DATA SEGMENT
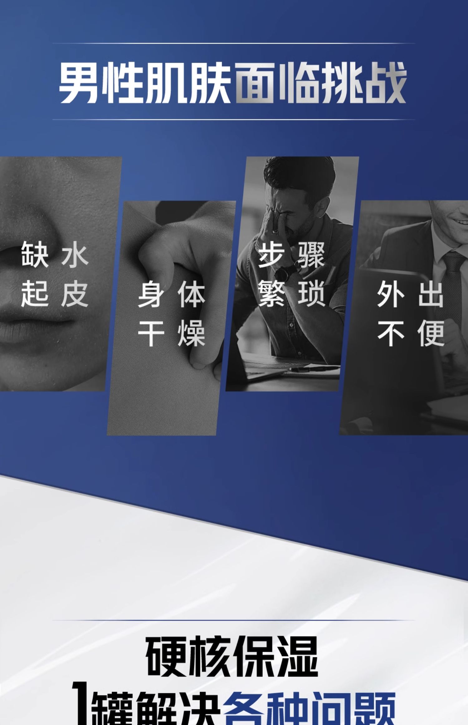 商品简介:【领22元优惠券,享跨店满减300-40,凑单到手约67元】男士专研,一罐多用,长效滋润,击退秋冬干燥,专利水包油配方,质地清爽,易吸收,不黏腻,时刻清爽【退货宝】
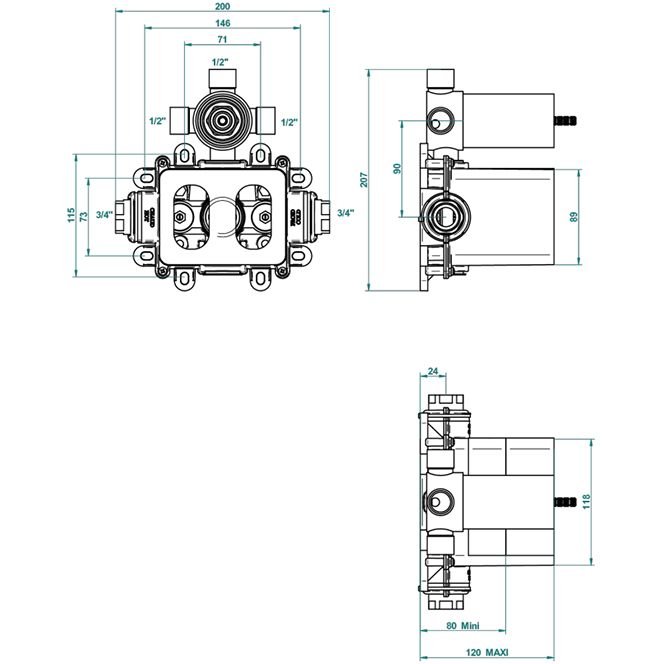 Термостат THG (ТХГ) General items G00 3/4″ - 60 л/мин с восковым картриджем и коробкой для встраивания, для трёх потребителей G00-A00-5600AE
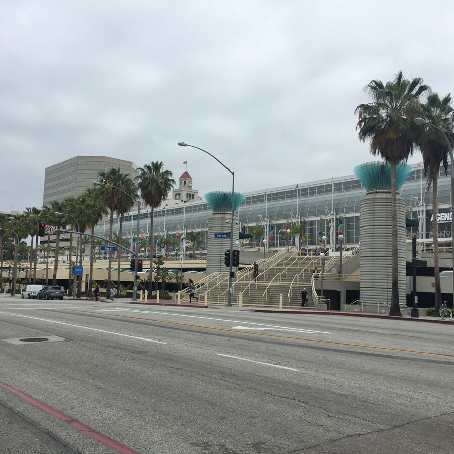 The front of the Long Beach Convention Center. Muska ollied down each of the stair sets out front about 20 years ago. Still sick.
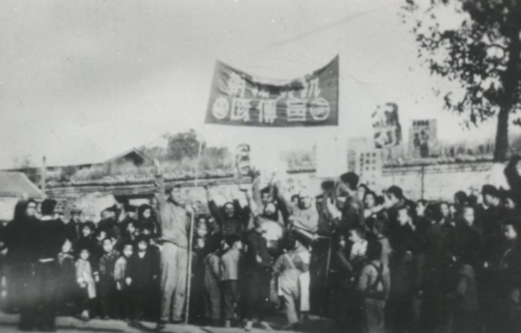 为了开展抗美援朝宣传工作,1950年11月北大停课两周,全校师生参与抗美援朝思想宣传活动。1951年4月,《人民日报》发出“必须使每一处每一人都受到抗美援朝、保家卫国的教育”号召。为了普及和深入开展抗美援朝宣传工作,北大师生员工2761人参加,占全校总人数的78%。为了更系统地组织宣传抗美援朝保家卫国思想,北大专门组建了师生联合的北京大学抗美援朝宣传队,采取漫画、标语、幻灯、活报剧、歌咏、秧歌、展览会、口头讲解等多种形式揭露美帝的侵朝恶行,宣传抗美援朝的爱国与正义。不少北大师生深入到北京东郊、西郊、南郊的49个行政村进行下乡宣传,举办抗美援朝图片展览,制作反帝爱国壁报,以生动多样的形式向普通农民宣传抗美援朝保家卫国的重要思想。一张张街头演说和下乡宣讲的黑白照片洋溢着北大师生的“抗美援朝”热情,也记录了国家危难时北大人奔走各地,奋勇向前的爱国行动。

TASK DESCRIPTION
Without the pictures, repeat every line of the material above exactly.

ANSWER FOR THE TASK
 商品简介:【领22元优惠券,享跨店满减300-40,凑单到手约67元】男士专研,一罐多用,长效滋润,击退秋冬干燥,专利水包油配方,质地清爽,易吸收,不黏腻,时刻清爽【退货宝】
 Термостат THG (ТХГ) General items G00 3/4″ - 60 л/мин с восковым картриджем и коробкой для встраивания, для трёх потребителей G00-A00-5600AE
 The front of the Long Beach Convention Center. Muska ollied down each of the stair sets out front about 20 years ago. Still sick.
 为了开展抗美援朝宣传工作,1950年11月北大停课两周,全校师生参与抗美援朝思想宣传活动。1951年4月,《人民日报》发出“必须使每一处每一人都受到抗美援朝、保家卫国的教育”号召。为了普及和深入开展抗美援朝宣传工作,北大师生员工2761人参加,占全校总人数的78%。为了更系统地组织宣传抗美援朝保家卫国思想,北大专门组建了师生联合的北京大学抗美援朝宣传队,采取漫画、标语、幻灯、活报剧、歌咏、秧歌、展览会、口头讲解等多种形式揭露美帝的侵朝恶行,宣传抗美援朝的爱国与正义。不少北大师生深入到北京东郊、西郊、南郊的49个行政村进行下乡宣传,举办抗美援朝图片展览,制作反帝爱国壁报,以生动多样的形式向普通农民宣传抗美援朝保家卫国的重要思想。一张张街头演说和下乡宣讲的黑白照片洋溢着北大师生的“抗美援朝”热情,也记录了国家危难时北大人奔走各地,奋勇向前的爱国行动。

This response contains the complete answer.